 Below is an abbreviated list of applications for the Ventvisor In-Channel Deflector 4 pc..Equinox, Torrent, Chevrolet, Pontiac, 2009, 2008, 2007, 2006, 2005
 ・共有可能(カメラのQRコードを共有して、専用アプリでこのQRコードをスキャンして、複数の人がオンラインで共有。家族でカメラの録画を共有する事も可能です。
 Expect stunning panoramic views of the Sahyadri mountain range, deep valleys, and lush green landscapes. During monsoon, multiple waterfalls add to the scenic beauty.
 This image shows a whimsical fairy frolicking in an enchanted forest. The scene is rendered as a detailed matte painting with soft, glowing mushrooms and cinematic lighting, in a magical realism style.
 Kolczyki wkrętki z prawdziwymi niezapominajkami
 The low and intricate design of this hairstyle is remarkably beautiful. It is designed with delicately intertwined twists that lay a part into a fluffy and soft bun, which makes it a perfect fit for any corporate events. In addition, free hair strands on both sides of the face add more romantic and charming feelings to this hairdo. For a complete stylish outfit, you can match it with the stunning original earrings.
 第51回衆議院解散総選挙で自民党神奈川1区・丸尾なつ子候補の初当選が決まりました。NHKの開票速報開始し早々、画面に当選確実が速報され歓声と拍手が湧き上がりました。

---

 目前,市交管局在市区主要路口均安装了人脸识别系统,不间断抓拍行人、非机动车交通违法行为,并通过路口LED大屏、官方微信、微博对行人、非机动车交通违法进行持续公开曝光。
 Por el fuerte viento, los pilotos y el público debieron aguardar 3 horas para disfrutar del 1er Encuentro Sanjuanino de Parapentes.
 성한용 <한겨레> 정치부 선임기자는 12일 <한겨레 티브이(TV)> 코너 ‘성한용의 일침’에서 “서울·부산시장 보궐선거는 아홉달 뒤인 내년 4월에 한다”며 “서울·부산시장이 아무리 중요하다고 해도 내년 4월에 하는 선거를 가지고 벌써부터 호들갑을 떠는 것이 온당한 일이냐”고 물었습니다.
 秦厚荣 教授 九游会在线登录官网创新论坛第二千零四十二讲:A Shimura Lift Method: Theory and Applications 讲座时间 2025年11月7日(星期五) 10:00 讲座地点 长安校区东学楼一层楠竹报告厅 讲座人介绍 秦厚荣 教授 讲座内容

## TASK BRIEF
Pick each line holding "stunning" out of the entries above and return it.

## SOLUTION TO THIS PROBLEM
 Expect stunning panoramic views of the Sahyadri mountain range, deep valleys, and lush green landscapes. During monsoon, multiple waterfalls add to the scenic beauty.
 The low and intricate design of this hairstyle is remarkably beautiful. It is designed with delicately intertwined twists that lay a part into a fluffy and soft bun, which makes it a perfect fit for any corporate events. In addition, free hair strands on both sides of the face add more romantic and charming feelings to this hairdo. For a complete stylish outfit, you can match it with the stunning original earrings.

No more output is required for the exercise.